**Activity:**
Could you set down the lines from the first line of the entries below through the line with "Talbots one piece", exactly and with no pictures?
[Opening Input data section]
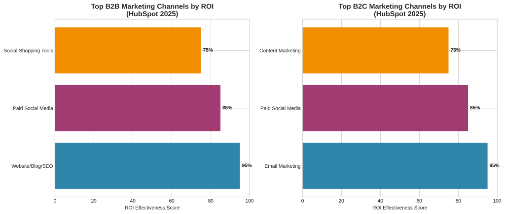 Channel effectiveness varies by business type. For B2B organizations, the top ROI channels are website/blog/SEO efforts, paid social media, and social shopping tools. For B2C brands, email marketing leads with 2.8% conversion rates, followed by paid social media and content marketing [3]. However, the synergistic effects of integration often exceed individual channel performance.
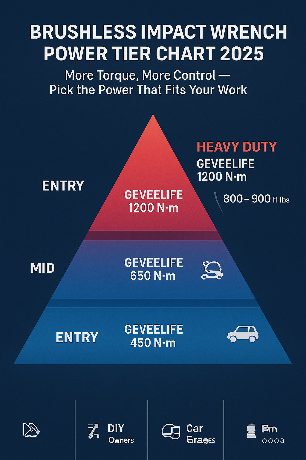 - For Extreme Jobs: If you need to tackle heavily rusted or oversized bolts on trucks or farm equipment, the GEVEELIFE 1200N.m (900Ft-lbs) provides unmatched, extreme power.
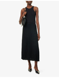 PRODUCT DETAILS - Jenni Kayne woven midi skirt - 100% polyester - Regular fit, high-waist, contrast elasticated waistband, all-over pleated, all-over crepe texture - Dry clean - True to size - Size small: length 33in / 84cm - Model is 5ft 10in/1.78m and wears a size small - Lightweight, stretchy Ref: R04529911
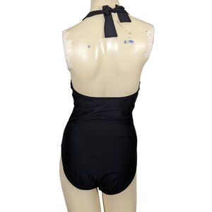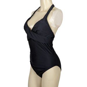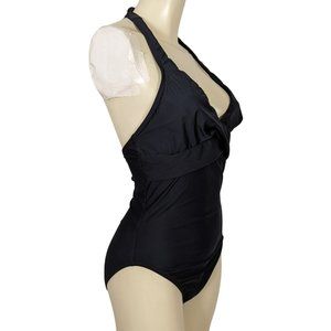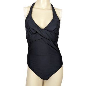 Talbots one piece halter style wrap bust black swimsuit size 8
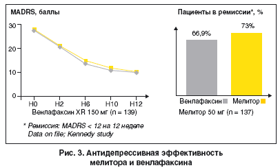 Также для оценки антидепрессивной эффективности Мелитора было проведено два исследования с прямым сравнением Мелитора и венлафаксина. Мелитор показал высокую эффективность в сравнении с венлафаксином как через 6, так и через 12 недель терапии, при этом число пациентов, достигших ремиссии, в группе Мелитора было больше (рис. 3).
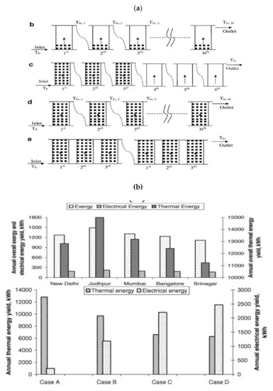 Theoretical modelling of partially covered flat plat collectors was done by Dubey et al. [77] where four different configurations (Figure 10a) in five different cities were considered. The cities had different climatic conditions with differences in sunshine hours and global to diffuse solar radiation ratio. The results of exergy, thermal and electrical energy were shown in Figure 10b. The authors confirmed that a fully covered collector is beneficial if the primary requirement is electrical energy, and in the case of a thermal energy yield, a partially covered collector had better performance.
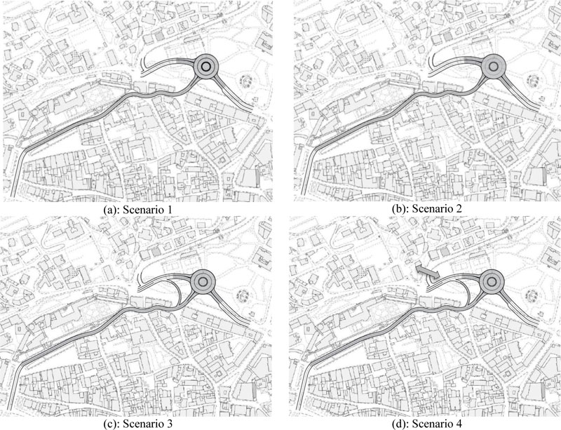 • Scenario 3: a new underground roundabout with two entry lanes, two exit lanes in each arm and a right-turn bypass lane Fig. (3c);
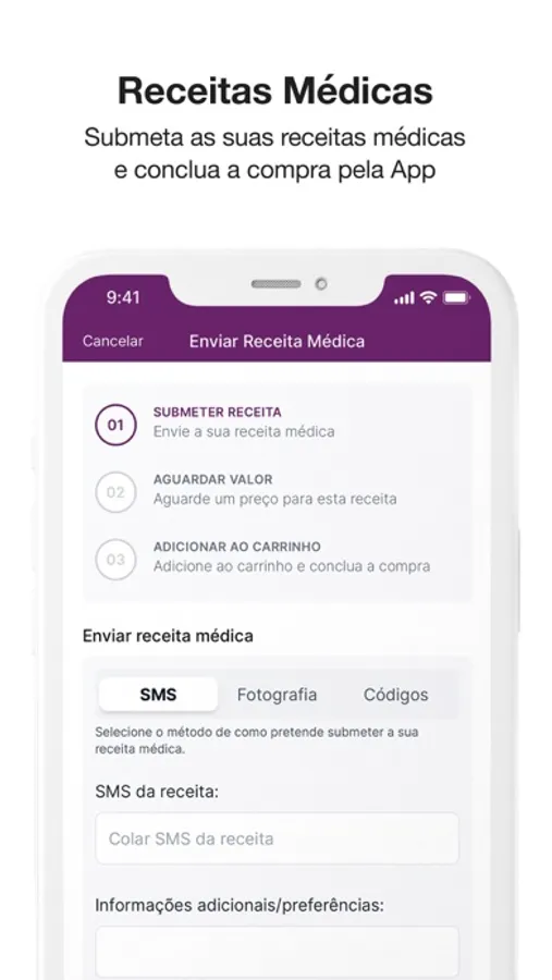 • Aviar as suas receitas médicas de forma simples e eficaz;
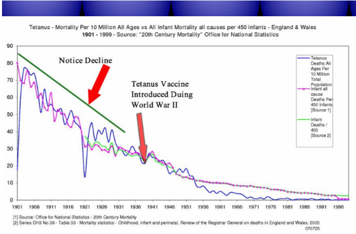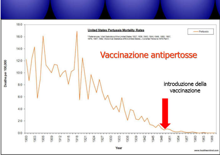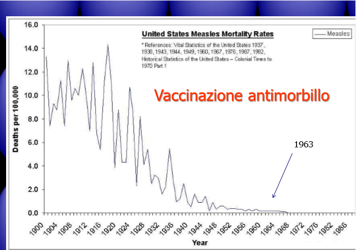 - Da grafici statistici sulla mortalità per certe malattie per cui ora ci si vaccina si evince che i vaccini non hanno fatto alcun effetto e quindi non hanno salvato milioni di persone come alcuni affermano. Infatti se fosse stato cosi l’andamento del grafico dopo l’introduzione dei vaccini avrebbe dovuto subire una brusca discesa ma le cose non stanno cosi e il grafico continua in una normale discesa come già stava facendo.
[Closing Input data section]
**Exercise result:**
 Channel effectiveness varies by business type. For B2B organizations, the top ROI channels are website/blog/SEO efforts, paid social media, and social shopping tools. For B2C brands, email marketing leads with 2.8% conversion rates, followed by paid social media and content marketing [3]. However, the synergistic effects of integration often exceed individual channel performance.
 - For Extreme Jobs: If you need to tackle heavily rusted or oversized bolts on trucks or farm equipment, the GEVEELIFE 1200N.m (900Ft-lbs) provides unmatched, extreme power.
 PRODUCT DETAILS - Jenni Kayne woven midi skirt - 100% polyester - Regular fit, high-waist, contrast elasticated waistband, all-over pleated, all-over crepe texture - Dry clean - True to size - Size small: length 33in / 84cm - Model is 5ft 10in/1.78m and wears a size small - Lightweight, stretchy Ref: R04529911
 Talbots one piece halter style wrap bust black swimsuit size 8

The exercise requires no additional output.